Should a Normal Imputation Model Be Modified to Impute Skewed Variables?
Paul T. von Hippel

TL;DR
This paper investigates whether modifying normal imputation models for skewed variables improves bias reduction, finding that such modifications often do not reliably reduce bias and may worsen it, especially for shape-dependent estimands.
Contribution
The study systematically evaluates various modifications to normal imputation models for skewed data, revealing their limited effectiveness and potential drawbacks.
Findings
Bias is mild for means, standard deviations, and regressions.
Bias can be severe for percentiles and skewness.
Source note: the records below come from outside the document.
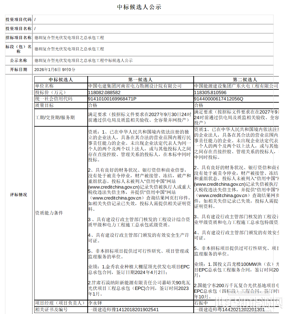 1月9日,德圳复合型光伏发电项目总承包工程中标候选人公示,项目招标人为衡东凌南新能源有限公司。项目规划交流侧建设总容量500MW(直流侧容量609MWp)。
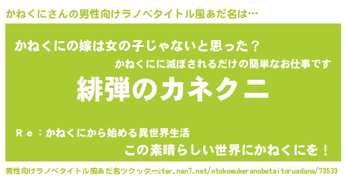 かねくにさんの男性向けラノベタイトル風あだ名をツクッター!
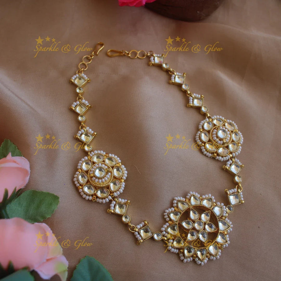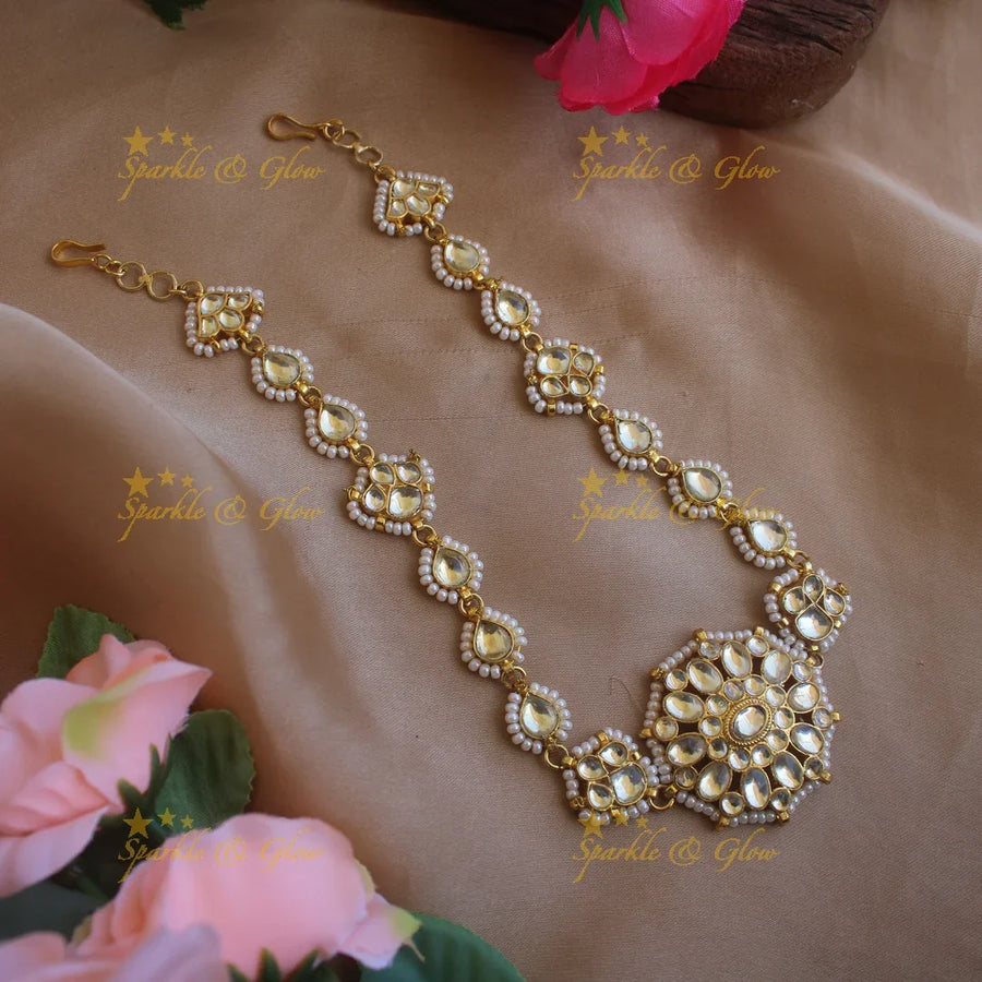 Embrace the richness of traditional Indian aesthetics with our exquisite Maang Tikka Collection. Each piece is beautifully crafted, featuring stunning motifs inspired by India's rich cultural tapestry. From the intricate Lakshmi and peacock carvings to the delicate floral designs, our maang tikkas are adorned with sparkling CZ stones, lustrous pearls, and vibrant gold beads. The gold-alike finish adds a touch of elegance and grandeur, making these pieces a perfect addition to your festive wear.

Modifications often do not reliably reduce bias and can worsen it.
Abstract
Researchers often impute continuous variables under an assumption of normality, yet many incomplete variables are skewed. We find that imputing skewed continuous variables under a normal model can lead to bias; the bias is usually mild for popular estimands such as means, standard deviations, and linear regression coefficients, but the bias can be severe for more shape-dependent estimands such as percentiles or the coefficient of skewness. We test several methods for adapting a normal imputation model to accommodate skewness, including methods that transform, truncate, or censor (round) normally imputed values, as well as methods that impute values from a quadratic or truncated regression. None of these modifications reliably reduces the biases of the normal model, and some modifications can make the biases much worse. We conclude that, if one has to impute a skewed variable under a…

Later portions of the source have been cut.